Calculate the inhibitory activity against various receptor ligands, inhibitors, and enzymes using the molinspiration online toolbox²⁷. Inactivity is expected for scores below -0.50, moderate activity is projected between -0.50 and 0.00 and considerable activity if its bioactivity score is more than 0.00⁴¹. All data are shown in Table 2.

Table 2: Molinspiration bioactivity scores prediction.

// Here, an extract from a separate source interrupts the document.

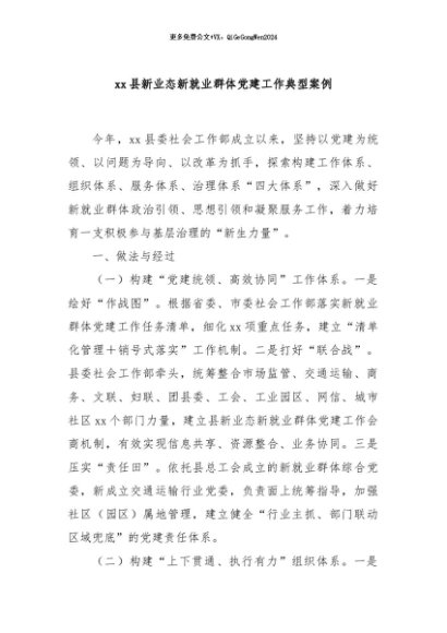 / 【七哥公文】2024年:xx县新业态新就业群体党建工作典型案例+更多免费公文+VX:QiGeGongWen2024

Title	GPCR ligand	Ion Channel modulator	Kinase inhibitor	Nuclear Receptor ligand	Protease inhibitor	Enzyme inhibitor
5a	-0.09	-0.10	-0.25	-0.52	-0.15	-0.02
5b	-0.14	-0.24	-0.35	-0.68	-0.32	-0.21
5c	-0.24	-0.31	-0.41	-0.69	-0.35	-0.22
5d	-0.27	-0.30	-0.42	-0.87	-0.38	-0.28
5e	-0.3	-0.39	-0.49	-0.85	-0.42	-0.32
5f	-0.1	-0.20	-0.26	-0.54	-0.15	-0.12
5g	-0.11	-0.28	-0.31	-0.64	-0.26	-0.19
5h	-0.19	-0.33	-0.35	-0.65	-0.29	-0.2
5i	-0.22	-0.33	-0.36	-0.79	-0.31	-0.25
5j	-0.25	-0.40	-0.42	-0.78	-0.34	-0.28

Evaluation of the Binding energies to biological targets

All the compounds were targeted for biochemical target was chosen as tyrosine-protein kinase SRC (PDB ID: 2SRC) with single chain A, length 452, and with the co-crystal structure phosphoraminophosphonic acid-adenylate ester with potential docking score -9.758, and Glide model score -139.143. The target as cyclin-dependent kinase-2 (PDB ID: 7QHL), with chain A & C, length 209, and with co-crystal “5-(2-amino-1-ethyl)thio-3-cyclo-butyl-7-[4-(pyrazolo-1-yl)benzyl]amino-pyrazol[4,3-d]pyrimidine” showed potential docking score -10.765 and Glide modelscore -99.351 and all the data was reported in table-3.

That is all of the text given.